Er bestaat geen begroting voor het Koninkrijk. De krijgsmacht wordt gefinancierd vanuit de jaarlijkse begroting van het ministerie van Defensie. Deze begroting wordt beheerd door het land Nederland en gefinancierd vanuit de algemene middelen van het land Nederland. Aruba, Curaçao en Sint Maarten dragen weliswaar bij aan de kosten van de krijgsmacht, maar doen dit op grond van het Statuut naar draagkracht en alleen voor zover dit strekt ten gunste van de Caribische landen.
Artikel 105 van de Grondwet schrijft voor dat de begroting bij wet – niet bij rijkswet – moet worden vastgesteld. De belangrijke positie van het parlement hierbij is vastgelegd door begrotingen onderdeel te maken van de wetgevingscyclus. In die cyclus is de positie van het parlement als medewetgever grondwettelijk verankerd. De Kamers keuren begrotingswetten goed; de Tweede Kamer heeft het recht van amendement op begrotingswetten. Met het goedkeuren van een begrotingswet wordt de regering geautoriseerd om de in de begroting opgenomen uitgaven te verrichten. Dit vormt de kern van het zogenoemde budgetrecht.

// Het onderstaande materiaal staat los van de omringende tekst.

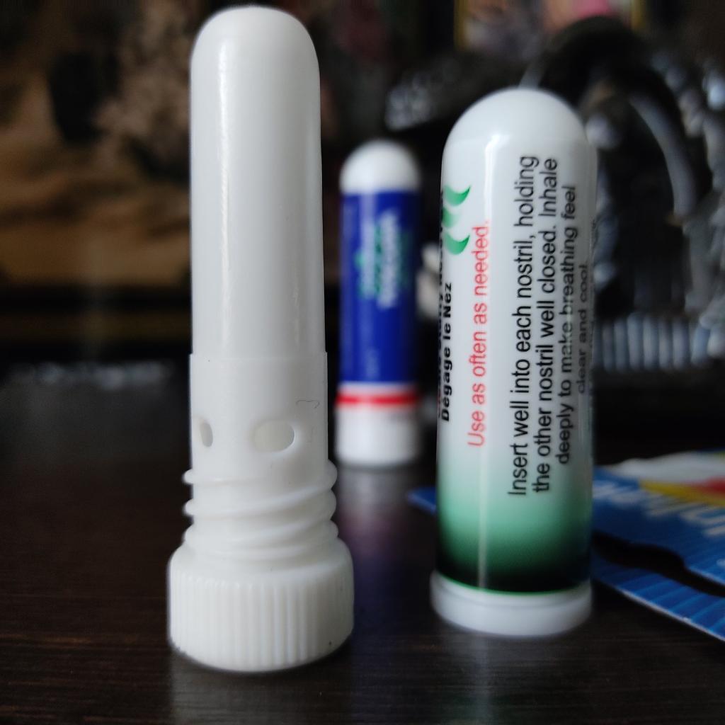 Набор из трёх ингаляторов по весьма демократичной цене. До этого я покупала их отдельно, по 150-200 рублей за штуку. Ингаляторы небольшие, но очень долговечные, они практически не заканчиваются. Каждый состоит из пластикового корпуса с завинчивающимся колпачком. Внутри стик, который состоит из ментола и камфары. Пахнет резко, но приятно. Срок годности до апреля 25 года. Рекомендуется вставлять в каждую ноздрю и вдыхать, частота использования не чаще, чем раз в 2 часа, и не дольше 7 дней. Я не знаю, почему такие рекомендации, ингалятор абсолютно безвреден, и мне нравится его использовать и чаще. Жаль, что заложенность носа проходит практически сразу 😁 Да и вообще, он отлично прочищает носовые ходы. Муж его нюхает по вечерам, для профилактики.

In dit verband wijst de Afdeling erop dat door het voorliggende voorstel vorm te geven als voorstel van rijkswet, de landen Aruba, Curaçao en Sint Maarten invloed krijgen op de Nederlandse begrotingswetgeving. Zij zijn immers formeel betrokken bij de totstandkoming van rijkswetten en de wijziging daarvan. Doordat een rijkswet niet bij gewone wet kan worden gewijzigd, kan het Nederlandse parlement zijn budgetrecht niet effectueren. Als zodanig vormt dit, in tegenstelling tot hetgeen de toelichting stelt, een inbreuk op het grondwettelijk verankerde budgetrecht van het Nederlandse parlement.
De Afdeling adviseert om het voorstel in ieder geval niet de vorm te geven van een voorstel van rijkswet.